▶ [Provided entries]
--- START ---

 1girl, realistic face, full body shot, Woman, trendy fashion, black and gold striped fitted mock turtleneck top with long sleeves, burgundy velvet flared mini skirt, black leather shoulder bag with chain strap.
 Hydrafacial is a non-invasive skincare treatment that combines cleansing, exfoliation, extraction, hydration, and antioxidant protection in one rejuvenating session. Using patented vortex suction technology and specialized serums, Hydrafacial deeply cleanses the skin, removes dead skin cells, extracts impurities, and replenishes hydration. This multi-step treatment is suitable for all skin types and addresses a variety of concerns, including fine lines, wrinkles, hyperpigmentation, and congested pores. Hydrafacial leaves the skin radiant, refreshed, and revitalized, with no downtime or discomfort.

--- END ---
--- START ---

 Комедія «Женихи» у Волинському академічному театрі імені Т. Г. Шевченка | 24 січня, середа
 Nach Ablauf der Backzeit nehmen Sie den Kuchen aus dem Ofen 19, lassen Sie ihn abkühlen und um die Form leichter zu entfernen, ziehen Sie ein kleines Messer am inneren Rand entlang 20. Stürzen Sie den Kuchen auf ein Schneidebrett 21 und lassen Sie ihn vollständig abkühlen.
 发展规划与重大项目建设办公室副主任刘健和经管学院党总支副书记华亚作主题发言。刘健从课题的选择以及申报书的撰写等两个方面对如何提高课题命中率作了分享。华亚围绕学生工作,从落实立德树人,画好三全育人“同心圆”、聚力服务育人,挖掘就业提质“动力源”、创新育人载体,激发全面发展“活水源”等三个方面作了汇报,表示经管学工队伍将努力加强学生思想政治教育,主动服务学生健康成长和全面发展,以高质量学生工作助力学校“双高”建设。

--- END ---
--- START ---

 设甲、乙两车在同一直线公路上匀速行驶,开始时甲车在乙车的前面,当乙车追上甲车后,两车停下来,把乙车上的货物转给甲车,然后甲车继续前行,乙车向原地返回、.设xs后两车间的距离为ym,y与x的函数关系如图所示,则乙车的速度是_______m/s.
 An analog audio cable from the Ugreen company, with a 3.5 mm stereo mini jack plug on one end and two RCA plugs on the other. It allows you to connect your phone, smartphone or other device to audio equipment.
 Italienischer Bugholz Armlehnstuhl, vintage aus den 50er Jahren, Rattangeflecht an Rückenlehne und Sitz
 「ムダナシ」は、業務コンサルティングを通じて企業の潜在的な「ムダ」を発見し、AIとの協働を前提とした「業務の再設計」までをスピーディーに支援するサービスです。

--- END ---

▶ [Exercise]
The word to find is "mini". Copy every line of the data that holds it.

▶ [Answer below]
 1girl, realistic face, full body shot, Woman, trendy fashion, black and gold striped fitted mock turtleneck top with long sleeves, burgundy velvet flared mini skirt, black leather shoulder bag with chain strap.
 An analog audio cable from the Ugreen company, with a 3.5 mm stereo mini jack plug on one end and two RCA plugs on the other. It allows you to connect your phone, smartphone or other device to audio equipment.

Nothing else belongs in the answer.